Fast jeder, der dieser Tage die Wissenschaftsnachrichten verfolgt, wird mitbekommen haben, dass am morgigen amerikanischen Unabhängigkeitstag (seit 2012 auch der Higgs-Tag!) die Sonde Juno den Jupiter erreicht. Wochen vorher schon begann auf diversen Podcasts und Blogs die Vorfreude auf diese nächste Heldentat der Raumfahrt.
Auch wenn sie noch von einem vergleichsweise kleinen Personenkreis verfolgt werden, werden wissenschaftliche Ereignisse zunehmend zu gesellschaftlichen „Events“, die gemeinsam erwartet, erlebt und gefeiert werden. Das geschieht in viel kleinerem Rahmen als bei einem Fußballturnier, aber nicht zuletzt dank der sozialen Medien schon wesentlich intensiver als vor 10 Jahren. Gerade wenn es um die inspirierenden Themen geht – die Eroberung des Weltalls, die Anfänge des Universums und darum, was die Welt im Innersten zusammenhält – fühlt man sich inzwischen zumindest ein kleines bisschen wie beim Fußballschauen, nur dass eben nicht gemeinsam mitgefiebert wird, ob der Elfmeter verwandelt wird, sondern dabei, ob die Sonde den fernen Kometen trifft oder die neueste SpaceX-Rakete die Landeplattform. Autokorsos bleiben noch aus, aber das kann ja noch werden.

(Quelle: CERN)
Erklimmt das LHC-Signal für das Higgs-Boson die 5 Standardabweichungen, haben „wir“ Gravitationswellen gesehen? Wie andere Events werfen diese Dinge inzwischen ihre Schatten voraus. Im Fall der Gravitationswellen bei LIGO verbreiteten Physiker wie z.B. Lawrence Krauss schon Monate vor der offiziellen Pressekonferenz relativ konkrete Gerüchte, die dann in den sozialen Medien und Wissenschaftsblogs ihre Runden drehten, bis sie von der konventionellen Presse aufgegriffen wurden.

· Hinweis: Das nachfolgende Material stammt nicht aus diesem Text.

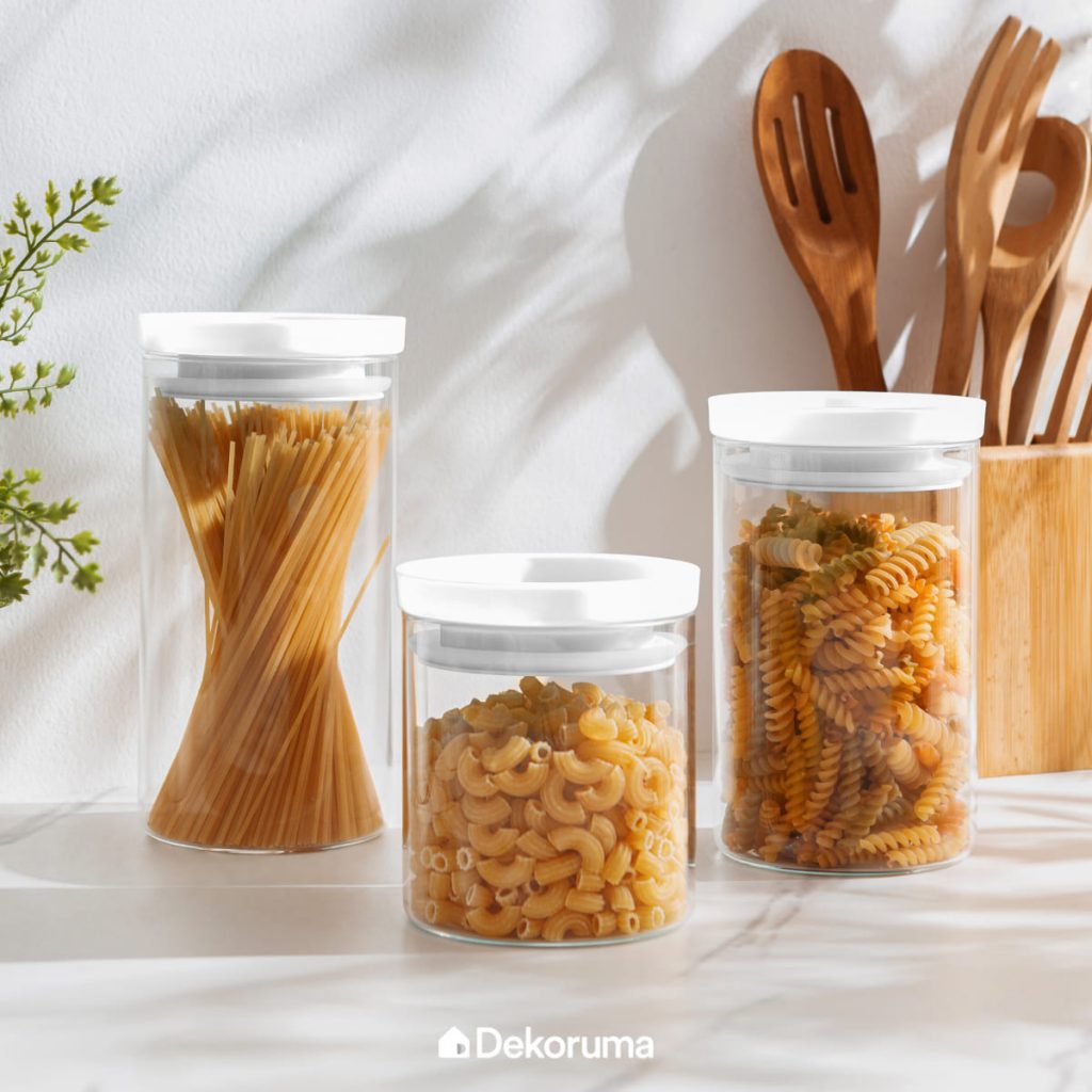 SORA Toples merupakan wadah plastik dengan tutup kedap udara yang mengombinasikan warna putih dan bening memberikan kesan ringan.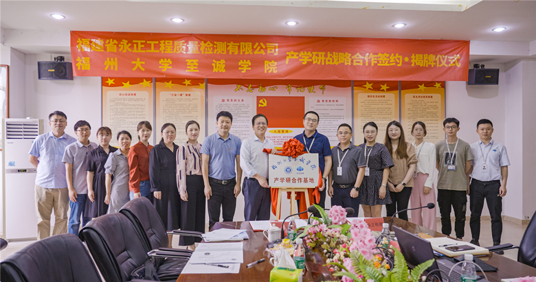 为深入实施访企拓岗促就业专项行动,深化校企合作,加强供需对接,有效推动毕业生就业,6月14日,院长陈为旭、副院长林行带领土木工程系、院校友会相关负责老师一行来到了福建省永正工程质量检测有限公司,进行产学研战略合作签约暨揭牌仪式。

Dass das für die Experimentatoren der LIGO-Kollaboration mitunter auch frustrierend war, ist durchaus nachvollziehbar, und es hagelte teils bittere Kritik an den Gerüchteköchen – lenken sie nicht die wertvolle gesellschaftliche Aufmerksamkeit auf sich, die eigentlich den Wissenschaftlern der Experimente zusteht, und stehlen damit deren Moment des Triumphs? Der Konsens unter Wissenschaftlern scheint zu sein, dass abgewartet werden muss, bis alles offiziell fertig und abgesegnet ist, von der entsprechenden Stelle verkündet und dann von der Öffentlichkeit wohlwollend zur Kenntnis genommen werden kann – nur dann ist der Vorgang der hehren Wissenschaft angemessen. Das sehe ich anders.